As of December 31, 2015, MRV had federal, state, and foreign net operating loss ("NOL") carryforwards available of $182.5 million, $97.1 million and $97.4 million, respectively. Under the Internal Revenue Code, if a corporation undergoes an "ownership change," the corporation's ability to use its pre-change NOLs, capital loss carryforwards and other pre-change tax attributes to offset its post-change income may be limited. An ownership change is generally defined as a greater than 50% change in its equity ownership by value over a three-year period. We may experience an ownership change in the future as a result of subsequent shifts in our stock ownership. If we were to trigger an ownership change in the future, our ability to use any NOLs and capital loss carryforwards existing at that time could be limited. As of March 31, 2016, the federal, state and foreign NOLs had a full valuation allowance.

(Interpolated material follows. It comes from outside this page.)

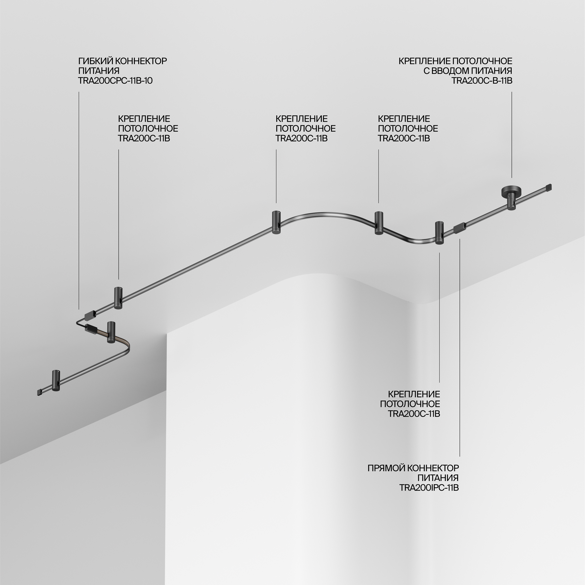 Состав трековой системы Трековая система Technical гибкая на стену чёрная 300x300x300 TS-Z-300-TR210-1-5W3K-M-B

On January 26, 2016, the Company's Board of Directors approved the adoption of a "Rights Plan" in an effort to protect the Company from potential adverse consequences arising from an ownership change under the Internal Revenue Code, such adverse consequences including a significant reduction in the annual utilization of the Company’s net operating loss carryforwards and built-in losses. The Rights Plan has not yet been ratified by the stockholders of MRV.